Evaluation of the Inner Walls of the Uterine

Polyps, fibroids in the inner wall of the uterus, adhesions in the inner wall of the uterus, congenital disorders in the uterine structure can be diagnosed with the ultrasound examination performed with saline. In addition to the pathology in the tubes, subsequent or congenital uterine disorders can also be evaluated with HSG. Abnormal HSG finding requires further examination such as hysteroscopy or laparoscopy.

The Role of Laparoscopy

The role of laparoscopy in the evaluation of infertility is controversial. Laparoscopy can be performed when endometriosis is suspected (painful menstruation, pelvic pain, deep pain during sexual intercourse), in the presence of pelvic adhesions and tuberculosis disease (history of pelvic pain, complicated appendicitis, pelvic infection, pelvic surgery, previous ectopic pregnancy), abnormal physical examination and HSG. In patients diagnosed with unexplained or male-caused infertility, it is widely believed that laparoscopy is not needed because it does not change the treatment plan.

Tests Uncommon in Clinical Use

Poscoital Test: It describes the relationship of changes in the menstrual cycle in mucus in the cervix to sperm. It should be done 2-12 hours after intercourse, just before the expected ovulation. It is not a routinely recommended test in the investigation of couples who apply with a desire to have a child. It has no proven diagnostic value.

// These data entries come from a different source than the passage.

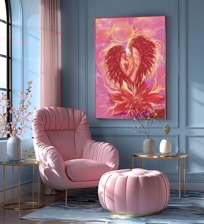 Available as a high-resolution digital painting, this artwork allows for customizable printing options, making it easy to adapt to any space. Celebrate the beauty of love, transformation, and nature with this stunning celestial-inspired floral artwork, a must-have for those who appreciate fantasy, romance, and spiritual symbolism.
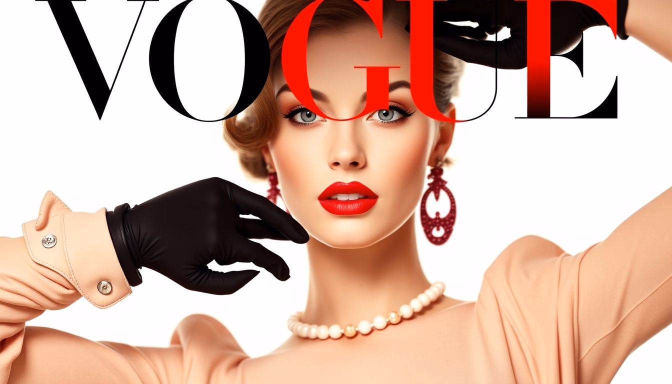 Editorial image of vogue 1950s cover, commercial product photography.
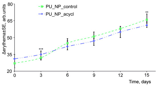 Six healthy human volunteers (2 men and 4 women, between 31 and 42 years old) were subjected to the topical application of samples with or without acyclovir, respectively, in order to further evaluate the skin irritation induced by the use of each product. The two synthesized samples (PU_NP_control and PU_NP_acycl) have been applied as aqueous solutions (1:20 w/v) on different areas of the left anterior forearm every third day (0.5 mL/application); the assessment of skin irritation has been conducted 20 min later on each area. The tests were carried out with a MultiProbe Adapter System from Courage & Khazaka Electronics (Koln, Germany), equipped with a Tewameter® TM300 probe and a Mexameter® MX18 probe. Average values calculated as differences between the values recorded before and after application were collected, taking into account the variations in skin type between the investigated volunteers.
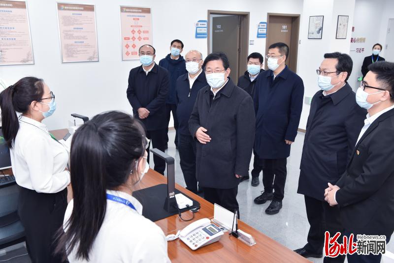 12月4日,省委宣讲团团长、省委书记、省人大常委会主任王东峰到雄安新区宣讲党的十九届六中全会精神并调研检查。这是王东峰、王正谱在胡村社区党群服务中心,看望慰问社区工作者。 河北日报记者赵海江摄
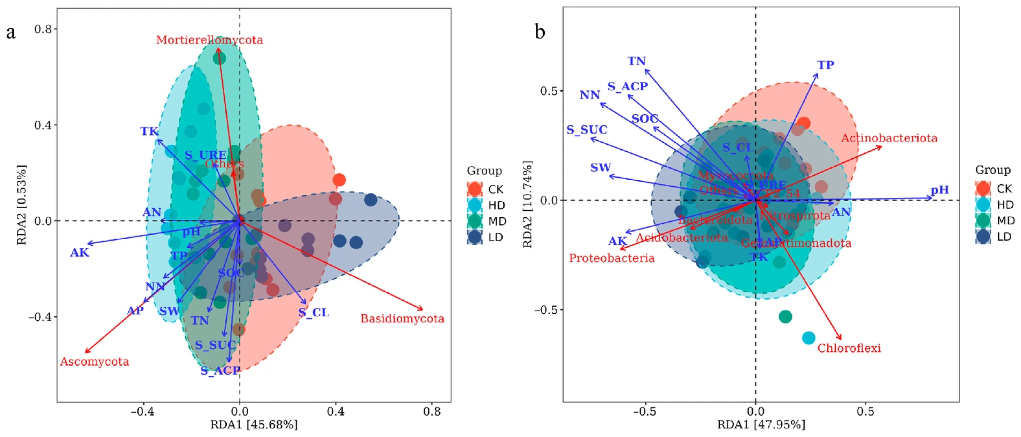 2.5. Main Environmental Factors Affecting Soil Microbial Community Structure
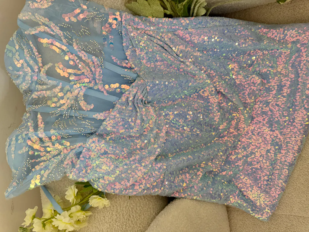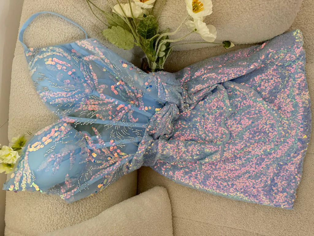 Glitter Light Blue Tight Spaghetti Straps Corset Short Homecoming Dress with Sequins
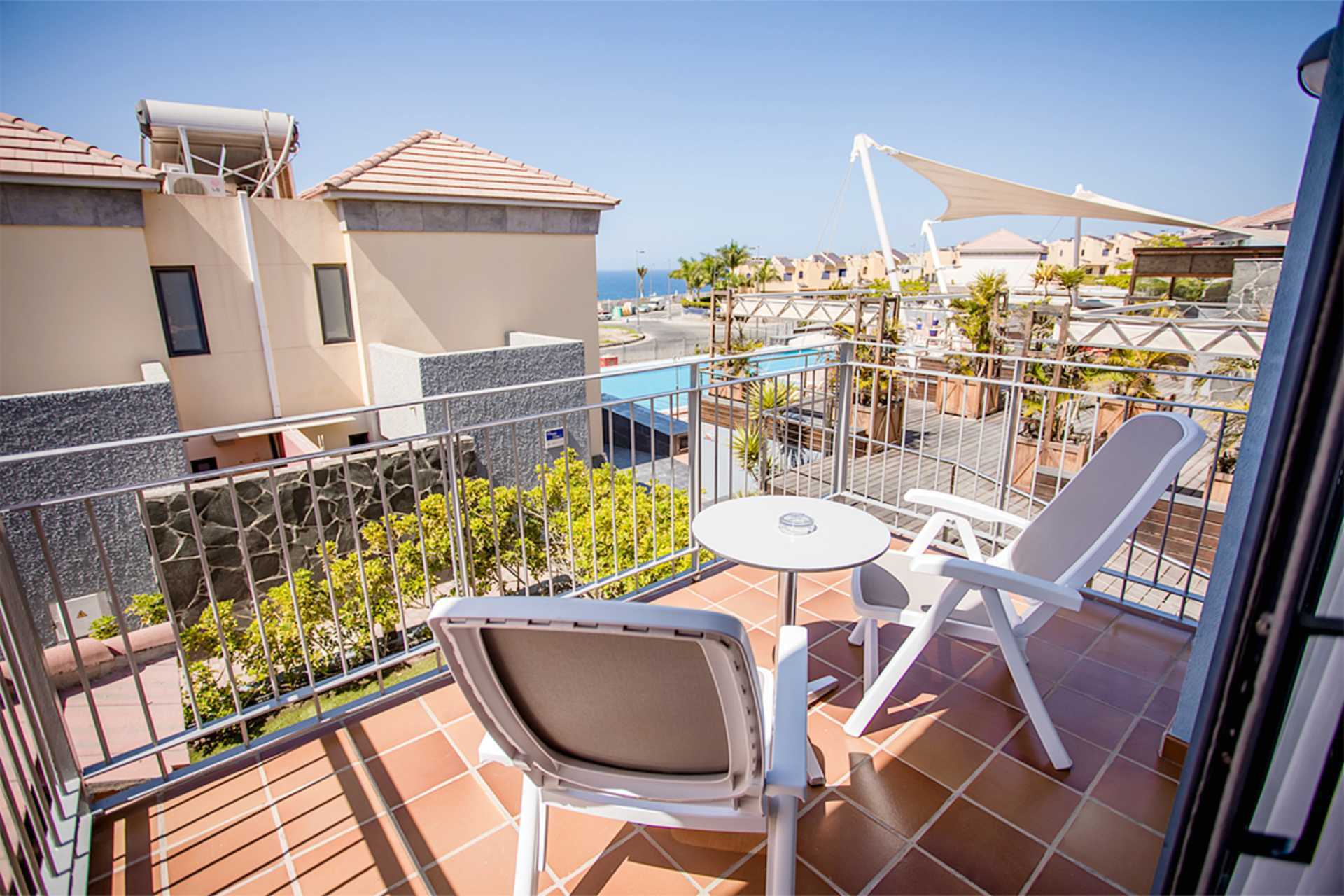 Superior-kalmio, jossa on parveke tai terassi. Kaksikerroksinen asunto ja koostuu alakerrassa sijaitsevasta kaksiosta, jossa on terassi ja yläkerran kahden hengen huoneesta, jossa on parveke. Terassilla on sohva, lepotuoleja sekä pöytä ja tuolit. Sisääntulokerroksessa on makuuhuone, jossa kaksi erillistä sänkyä, kylpyhuone hiustenkuivaajalla, suihku ja wc sekä yhdistetty olohuone, jossa on minikeittiö, jossa on mahdollisuus saada lisävuode vuodesohvaan. Yläkerrassa on makuuhuone, jossa kaksi erillistä vuodetta, kylpyhuone hiustenkuivaajalla, kylpyamme, erillinen suihku ja wc. Asunnossa on tasoeroja kahdella askelmalla ovelle, joka johtaa yläkertaan. Ylimääräiset tyynyt ja allaspyyhkeet sekä kuohuviini ja pähkinät ovat huoneistossa saavuttaessa. Minikeittiö, jossa keittolevyt, vedenkeitin, kahvinkeitin, leivänpaahdin, jääkaappi ja yksinkertainen keittiövarustus. Maksuton wifi. Ilmastointi on makuuhuoneissa ja sisältyy hintaan - kaukosäädin talletusta vastaan. Tallelokero lisämaksusta. TV kansainvälisillä kanavilla - kaukosäädin talletusta vastaan. Siivous 5 krt/viikko.

Endometrial Biopsy: It gives information about whether there is ovulation in the menstrual cycle and luteal phase defect. It is done 2-3 days before the expected period. It is an expensive, invasive, unnecessary test for the evaluation of ovulation, which does not provide information about the inner wall of the uterus for the embryo to implant in the uterus.

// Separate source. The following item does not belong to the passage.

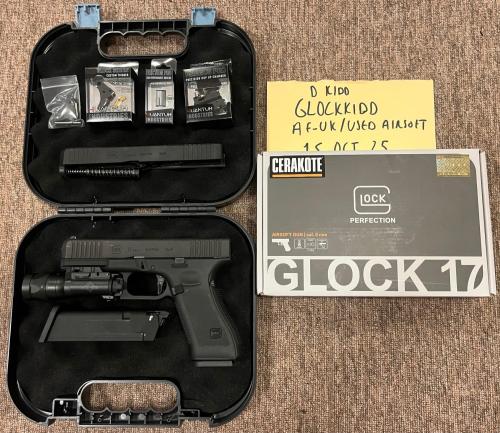For reluctant sale is my GHK Glock 17 Gen 5 MOS Cerekoted. This comes with the upgraded BFA steel slide, steel outer barrel and steel recoil spring from WCG shop and I have to say it’s the closest to the real steel than any other airsoft glock I’ve used. With the CO2 mag, the kickback is insane! Im selling as it’s been sat in a case and I just can justify keeping it anymore. Would rather someone have some fun with it. If you know Umarex GHK Glocks then you know that the stock trigger system is very strange and doesn’t pull well and sticks, unlike most Airsoft pistols. Thankfully this has the 4UANTUM trigger upgrade and performs much better with a crisper pull. It also has the 4UANTUM precision hop chamber and high performance bucking. Since I’ve owned it it’s only had around 20 mags put through it for target shooting. Internally it’s in near new condition. Externally it has a few light scratches from holster use. Included: - GHK G17 Gen 5 MOS - BFA Steel MOS Slide with steel mounting plate screws. - BFA steel outer barrel. - BFA steel recoil spring. -BFA steel RMR mounting plate. -Umarex CO2 mag. - Umarex GBB mag. - Original Slide kit with recoil spring. - 4UANTUM Custom Trigger. - 4UANTUN Precision Hop Chamber. -High performance bucking. -Glock case. - X300v clone torch with STROBE. I have the original box for this which is included in sale, has adaptors for different pistols. It’s had over £500 spent on it so I think £400 plus postage is a fair asking price. Happy to send additional pics and a video of the pistol. Pls ask. cheers for looking!400.00 GBP

Basal Body Temperature: It is recorded by measuring body temperature in the morning without any activity during the entire menstrual cycle. The baseline temperature rise correlates with the LH curve, starting to rise two days before the LH curve. Although it is a guide about ovulation, it is a difficult test that can be affected by many factors and may vary according to the observer.

Karyotype Analysis: Early menopause ( under 40Karyotype analysis is recommended for women diagnosed with ), men with severe oligospermia, and couples with a history of recurrent pregnancy loss.